Friday, October 22, 2004

  • Maroon 5- she will beloved is playing ceaslessly in my head...and I haven't listened to it. havent listened to music since Ramadan started...of course, except those u can't help hearing like in shops and stuff.
  • Eyes are sore, a general feeling of ickyness in the pitt of my stomach, and serious fatigue; I think all of this has to do with the fact that I slept on a sofa for an hour and a half, after 6 in the morning and woke up at 8 to make it to 10:00 seminar.
  • So no, my appearance is not very pretty today: no makeup, yesterdays clothes, black circles under eyes...don't think i want to run into anyone cute in uni...actually, scrap that, i don't give a crap, if i did i wouldn't have come in like this in the first place. Screw cute guys.
  • Spiritual state is pitiful, so much so that Tas resents and condems some of the stuff I am doing in Ramadan, which don't help, but I thank you tas for your honesty.
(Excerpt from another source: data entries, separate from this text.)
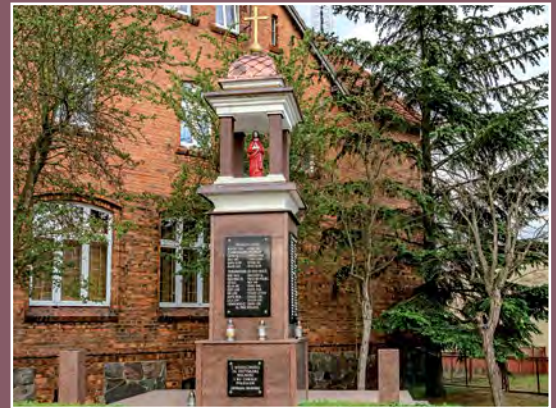
Pamięci poległych mieszkańców Drawska Denkmal der gefallenen Einwohner von Drawsko
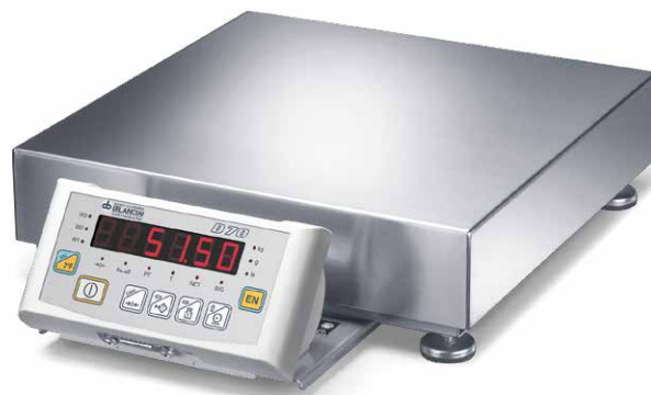
Versione compatta con D70E Compact version with D70E

* Non disponibile per il modello 300x240 / * Not available for 300x240 model
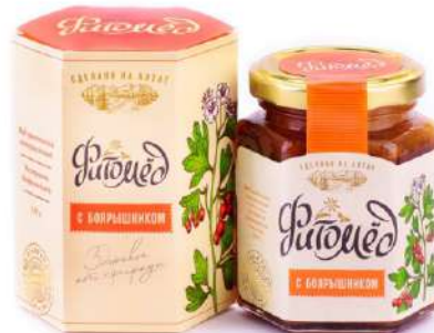
Фитомёд с боярышником
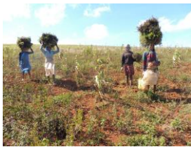
Portage des tagettes

Autres objectifs 2022 : production d'huiles essentielles 300 Kg de Ravintsara et 160 Kg de Géranium.
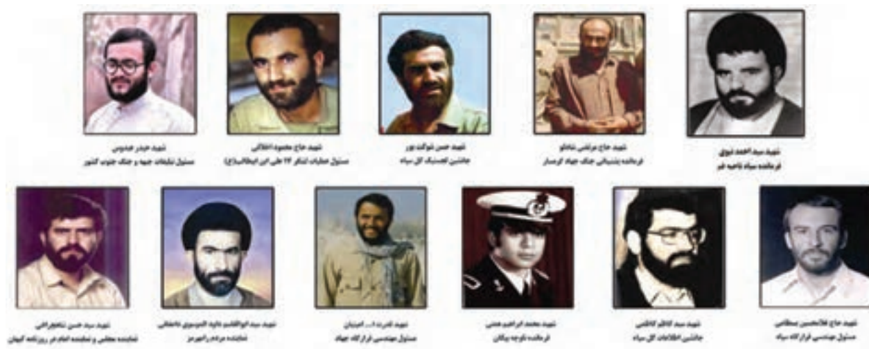
شکل ۹-۴. تعدادی از شهدای والامقام و شاخص استان در جنگ تحمیلی عراق علیه ایران

نتیجه این که رده استان را بین اول تا سوم کشور با اختلاف بسیار زیاد میانگین از کشور.
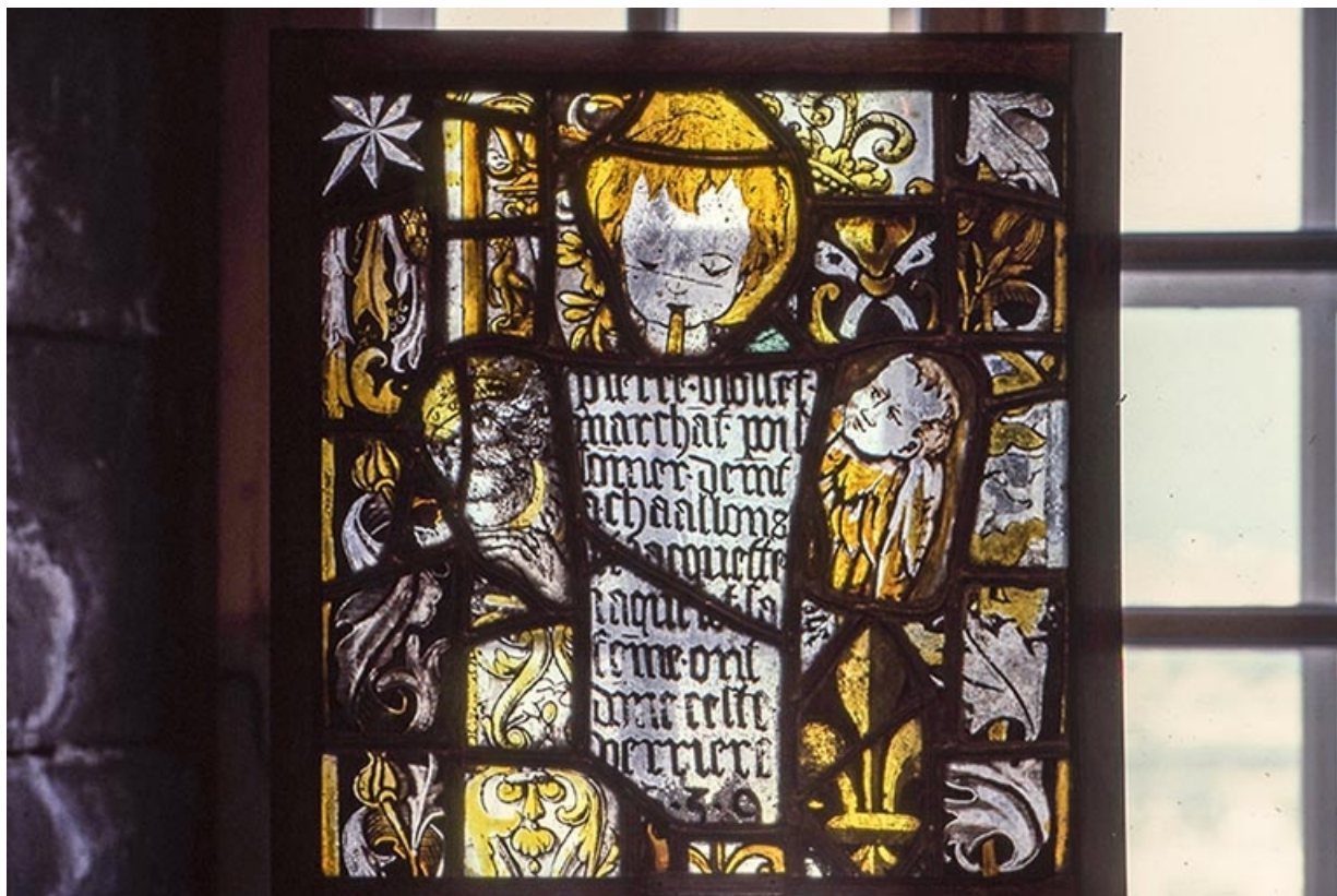
Vue d'ensemble : inscription entourée de deux têtes d'angelots, de fragments de bordures, d'une étoile, d'une tête de roi et d'une fleur de lys.
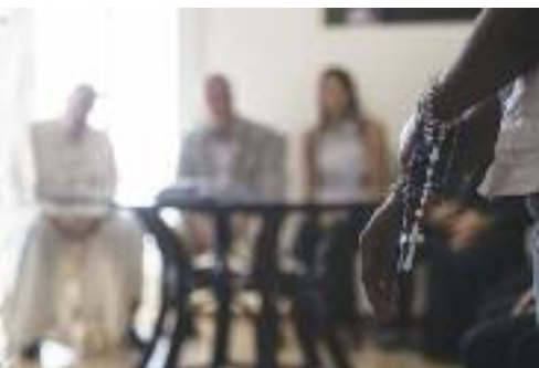
V Skupnosti papeža Janeza XIII.
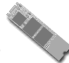
M.2 2280 Support
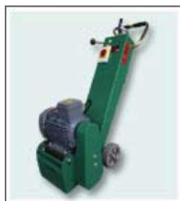
表面切削機（プレーナー）
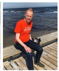
😊 FOX 😊
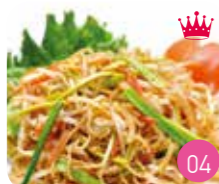
Nouilles Sautées Nature
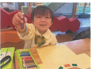
「むらさきにするー!」と 先生に伝えスタートが!
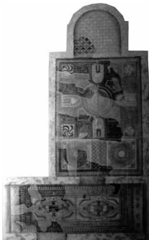
LÁM. 6: Disegno ricostruttivo del mosaico di Tirana, fine del IV sec.d.C..

da Durazzo, essi sono di manifattura eccellente; ciò fa dedurre che gli artigiani attivi in quest'area lo hanno già sperimentato e sono in grado di effettuare coperture con la nuova tecnica (HOTI, SHEHI e SANTORO, c. s.). In Albania il tessellato raggiungerà l'apice nel V-VI sec.d.C. quando l'area era governata da Imperatori autoctoni.
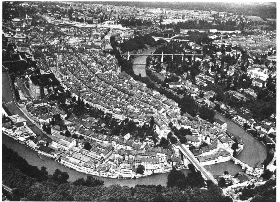
Das alte Bern, ein Meisterwerk mittelalterlichen Städtebaus, zugleich Mittelpunkt und Kernstück einer modernen, aufgeschlossenen Stadt.

Das Charakteristische dieser Strassen im Stadtkern ist, dass sie auf beiden Seiten von «Lauben» begleitet sind, Bogenhängen, die in die Häuserfassaden hinein gelegt sind, wie die portici der italienischen Kleinstädte. Die Strasse gehört dem Fahrverkehr; der Fussgänger durchwandelt die Lauben. Trockenen Fusses kann er, auch beim schlechtesten Wetter, die ganze Stadt durchqueren. «Läubeln» nennt es der Berner, wenn er, langsam und behaglich, diese luftigen
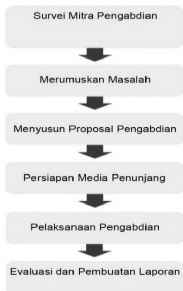
Gambar 1. Tahapan Pelaksanaan Pengabdian Masyarakat

Dalam melaksanakan kegiatan Pengabdian Masyarakat dilakukan beberapa tahapan yang dapat dilihat pada Gambar 1 berikut ini:
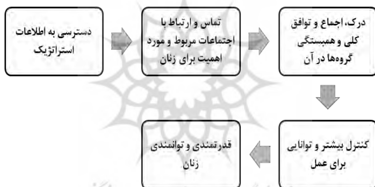
شکل ۱- نقش فاوا در قدرت‌بخشی و توانمندی زنان (Nath, 2001)

در این راستا می‌توان فاوا را یکی از ابزارهای ایجاد عدالت جنسیتی نیز به حساب آورد. فاوا مکانیزم انتقال و ابزار ایجاد ارتباط است و می‌تواند به زنان در فراهم آوردن خدمات، آگاه‌سازی آنان، پایان دادن به انزوای زنان که ریشه در فرهنگ‌ها دارد، کمک کند. به بیان دیگر، با استفاده از فاوا، زنان ضمن حضور فیزیکی در خانه و انجام وظایف خود در قبال خانواده، می‌توانند فعالیت اجتماعی و اقتصادی داشته‌باشند. این امر سبب می‌شود که حتی در جوامعی که از نظر فرهنگی موانعی برای مشارکت زنان در عرصه‌های اجتماعی - اقتصادی وجود دارد، زمینه‌ی حضور آنان فراهم شود (Azizi, 2010). در این رابطه دالی (Daly, 2003) بیان می‌کند که در برخی از جوامع، مشاغلی که فقط مستلزم حضور در مکان‌های مردانه هستند، محدودیت‌هایی را برای زنان به‌وجود آورده‌اند که با پیشرفت فناوری، فاوا این فرصت را برای زنان از طریق تلفن، رایانه و اینترنت فراهم کرده‌است که
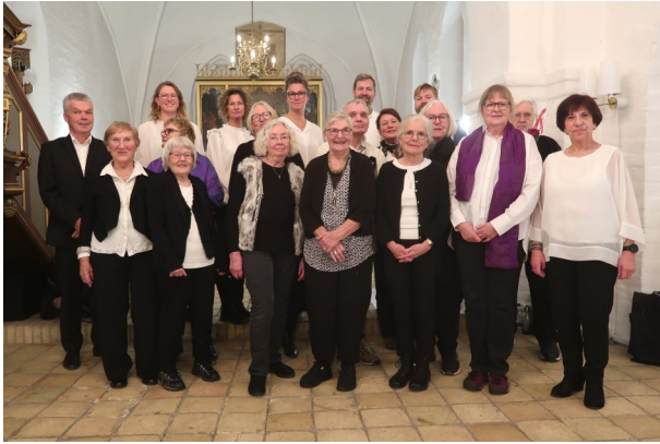
Sct. Peders Kirkes Voksenkor.
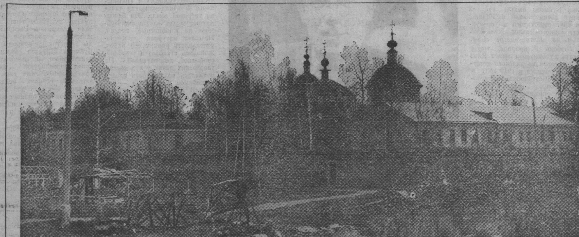
Дольше других сталинских застенков хранила свои тайны Сухановская тюрьма особого режима. Плотная завеса секретности скрывала ее существование даже от охранных органов. Подмосновский монастырь, носивший прежде название Ектерининской пустыни, был превращен в страшный филиал Лефортовской тюрьмы. В 1927 году, при наряде внутренних дел И. И. Ежова, который потом сам угодил в сухановские казематы. По свидетельству бывших сотрудников тюрьмы, она представляла собой следственный изолятор для «особо опасных государственных преступников». Одновременно в «Суханове» содержали до 150 человек. На ночные допросы сюда иногда приезжал со святой Берия, для него был оборудован специальный кабинет с прямым телефоном в Кремль. Редко кто из узников находил здесь больше двух недель — именно такой срок был установлен для «выбивания» показаний и признаний вину от подсудимых. Поговор за всю историю тюрьмы не было, отсюда сели всего два пути и месту расстрела. Избирательство того, что заключенных казнили прямо здесь, за мемориальными стенами, пона нет! или на смертную расстрельную каторгу. Участ узников была предельно заражена.
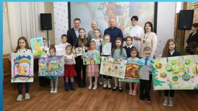
Поддравляем победителей конкурса!

«Город для белок»: в Красноярске выбрали детские идеи для домов пушистых обитателей Центрального парка. Кто победил в необычном конкурсе рисунка. В Красноярске в Краевой научной библиотеке наградили юных участников конкурса «Белкоград» — нарисуй дом для белок в Центральном парке». На конкурс рисунков про белочий город юные красноярцы прислали 196 работ. Победители получили призы от компании РУСАЛ, которая финансирует масштабную реконструкцию парка. По эскизам ребят инженеры спроектируют настоящий Белкоград. В конкурсе рисунков лучшего дома для белок Центрального парка Красноярска приняли участие ребята от 4 до 14 лет. Организаторы предложили участникам пофантазировать, в каких домах могут проживать белочки и как будет выглядеть целый белочий город. Дети серьезно подошли к поставленной задаче — кроме рисунков они прислали еще и развернутые описания необычных жилищ. Идея проведения конкурса развилась после того, как Центральный парк перед реконструкцией обследовали технические специалисты и увидели живущих прямо в центре города зверьков. Белки темного окраса жили здесь давно, а дружок — более светлых рыжих, 4 года назад привезли из Ленинградской области. Сейчас белки являются одним из неофициальных символов главного городского парка — на территории их уже 13, и у каждой белочки свое имя.
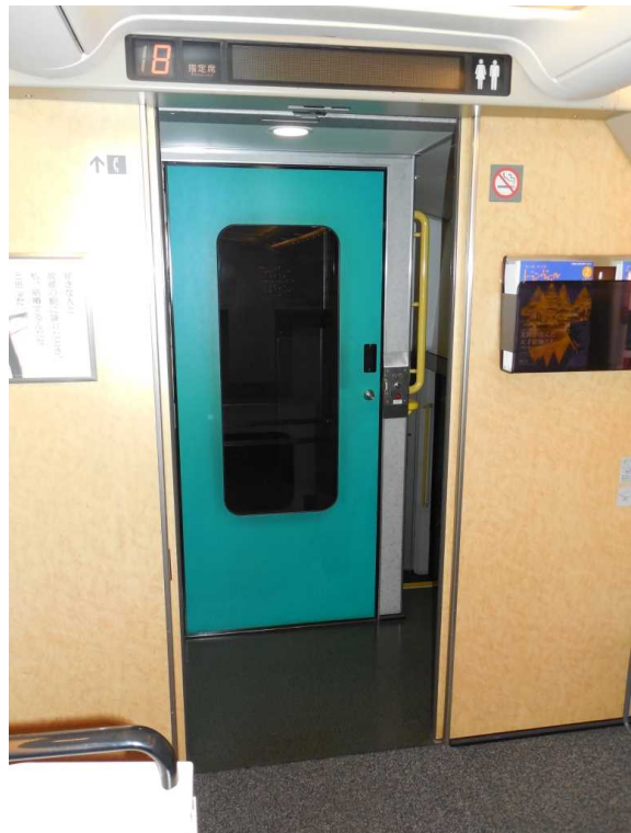
E 4 系 8 号 車 の 車 い す 昇 降 リ フ ト 車 内 販 売 ワ ゴ ン 用 の リ フ ト を 8 号 車 だ け 車 い す 対 応 の 大 き さ と し た も の
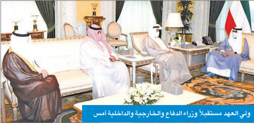
ولي العهد مستقبلاً وزراء الدفاع والخارجية والداخلية أمس

استقبل سمو ولي العهد، الشيخ مشعل الأحمد، بقصر السيف، صباح أمس، رئيس مجلس الوزراء سمو الشيخ خالد الجابر، ونائب رئيس مجلس الوزراء وزير العدل لشؤون تعزيز النزاهة عبدالله الرومي.
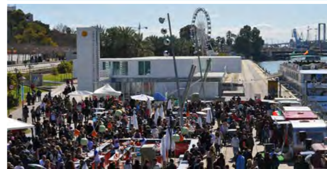
Mercado gastronómico 'Callejeando Food Fest'.
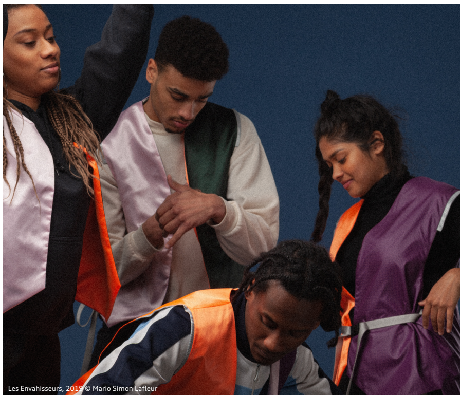
Les Envahisseurs, 2019 © Mario Simon Lafleur
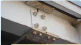
電動工具が入らなく、さびを完全に除去できない部位
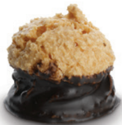
7402 | Kokoska plněná | 20 g
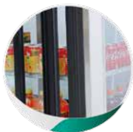
Portes en PVC double vitrage anti-buée
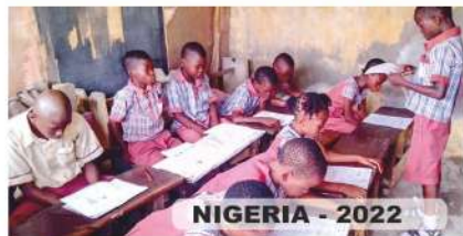
NIGERIA - 2022
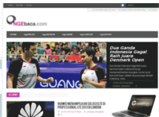
Gambar 2.2 Tampilan Web

Selama berkembangnya situs ini, ngebaca.com terus mengembangkan design webnya dari fitur dan lainnya. Dengan lahirnya website ini, ngebaca.com ingin membuktikan pada masyarakat bahwa ngebaca.com mampu memberikan kepuasan bagi pembaca dalam mencari informasi menarik yang tidak kalah dengan situs lainnya.
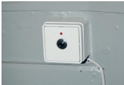
Afbryderknapp til præstens mikrofon

Vær opmærksom på, om der er brug for afbryderknapper til mikrofonen i kirken. Der er afbryder på den sender, som præsten har i lommen, men det er også muligt at få eksterne afbryderknapper installeret centrale steder i kirken f.eks. ved alterbordet, prædikestolen, døbefonten osv.
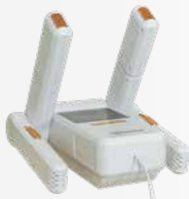
Máy sấy giày
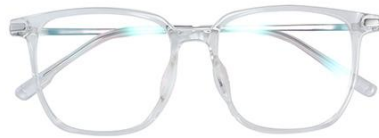
透明白金C19 Transparent silver
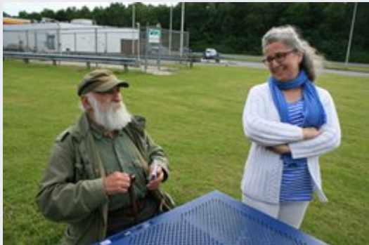
June 21, 2013 at 1:24am · Like · 3
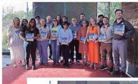
Representantes de la Mesa Litur que participaron activamente en la creación de este manual.
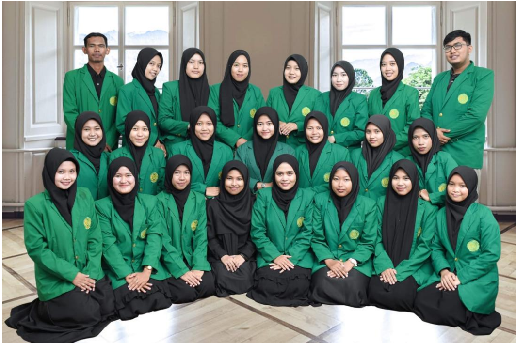
Teman-teman Seperjuangan Tarbiyah Angkatan 2019
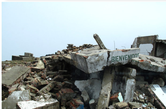
Bienvenidos - välkomna. Alla "gäster" har inte varit lika välkomna.

På www.utjamning.fi finns mer information om Utjämningen: temaartiklar, colombianskt besök på skriftskolläger, bloggar, bilder, m.m.
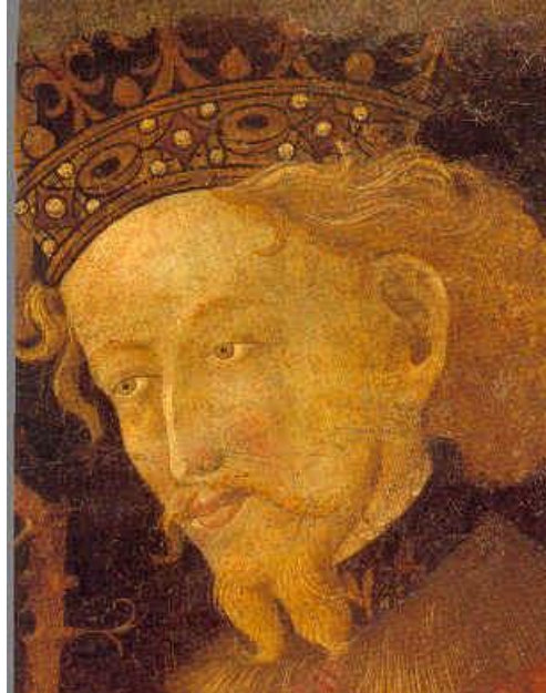
Retrat de Jaume I pintat el 1427, actualment al Museu Nacional d'Art de Catalunya.

El 12 de setembre de 1213, a la famosa batalla de Muret, cau mort en combat Pere II i, consegüentment, es produí la victòria dels croats. Començà, llavors, un procés de cloenda de tot allò que havia florit a Occitània. Mentre, a la Corona d'Aragó tenien com a rei un infant de cinc anys (Jaume I "el conqueridor"), retingut, però, pel cap dels croats Simó de Montfort. La Corona d'Aragó es trobava en aquest just moment en una situació delicada d'instabilitat política. El rei es trobava a mans de Montfort, fet que sacsejà la corona durant anys i en provocà
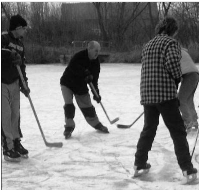
HOKEJISTI VE SVINĀŘÍCH. Led pokrýl na začátku nového roku hladiny rybníků v Poberouni i na Podbrdsku. Bruslilo se v Leči, Korně i ve Svinářích. Na zdejší rybníku Žába (na snímku) se odehrálo několik litých hokejových zápasů.
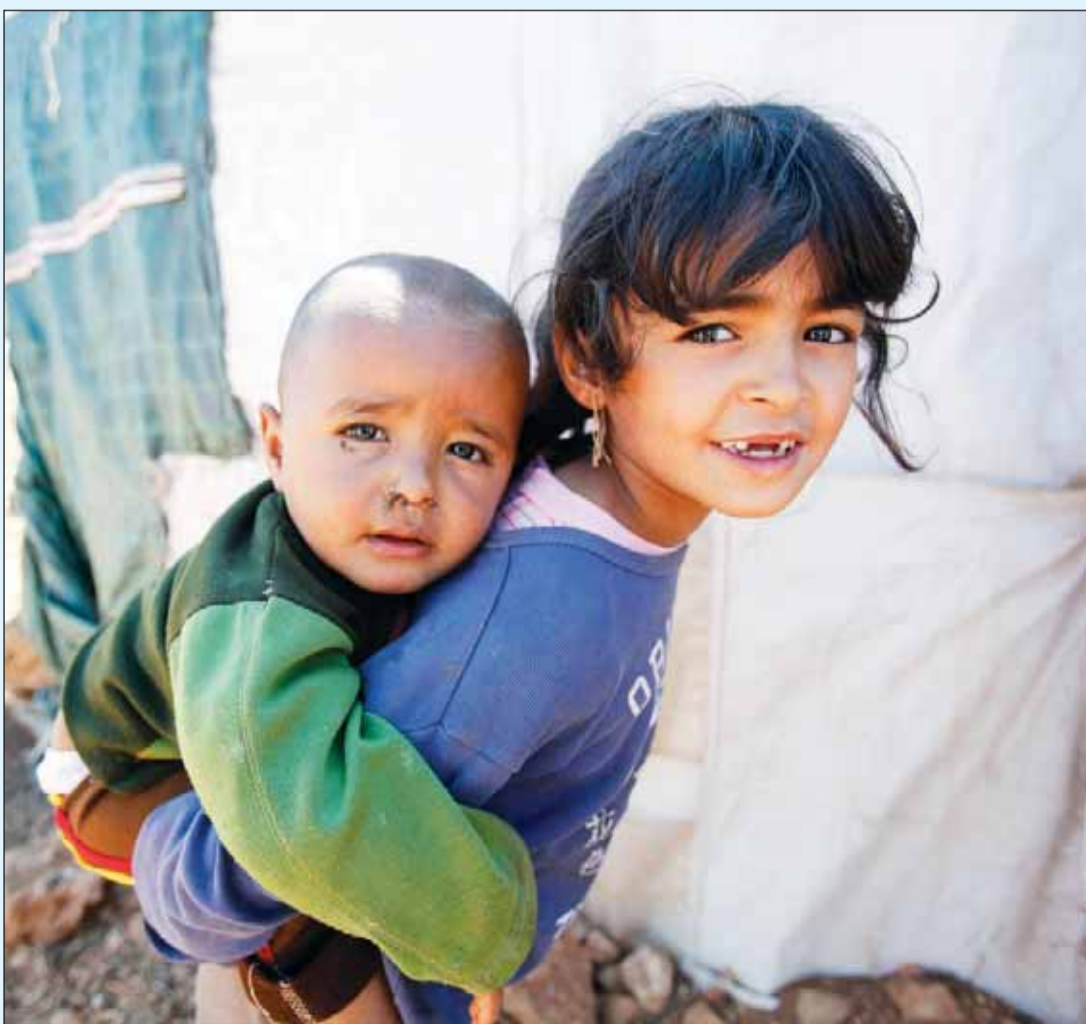
• فتاة سورية تحمل طفلاً في مخيم كفر زيد للاجئين السوريين في البقاع (غرب لبنان)

وتضاعف عدد اللاجئين السوريين في المنطقة خلال الأشهر الأربعة الماضية مع دخول الصراع في سوريا إلى مرحلة أكثر دموية. ويستقبل

I hate myself.
  • and picking up on that vital point...I HATE MYSELF I HATE MYSELF I HATE MYSELF I HATE MYSELF I HATE MYSELF I HATE MYSELF I HATE MYSELF I HATE MYSELF I HATE MYSELF I HATE MYSELF I HATE MYSELF I HATE MYSELF I HATE MYSELF I HATE MYSELF I HATE MYSELF I HATE MYSELF I HATE MYSELF I HATE MYSELF I HATE MYSELF I HATE MYSELF I HATE MYSELF
  • If u think thats scary, then u will be further thrilled to know that non of the above was coppied and pasted, i wrote them out individually...and i can go on, but i won't
  • in fact, i should probably stop writing bloggs one of these days, coz the reality of it being read by other people just doesn't register sometimes, and at this rate I'm gonna end up scaring all my friends off with the amount of crap i'm spewing out from the depths of me.
  • And i think...I think I need to start making myself believe that there is good in this world still...that there is good in people.
  • But post-Richard the III leacture/seminar ponderring, in regards to villains, has conjured up this question: Is it not the villains resignation to being bad which drives him so far in commiting heinous crimes? And isn't it the surety of being iredemably bad which makes him resigned to being so? Isn't it the fact that he can find no good in himself which prevents him from believing that there might be good those that he hurts or commits injustices against so easily, because they have no value, no importance as far as he is concerned? ...Because as far as he's concerned all men are just foul?
  • And so the question is: how do you begin to have faith in people when you have no faith in yourself?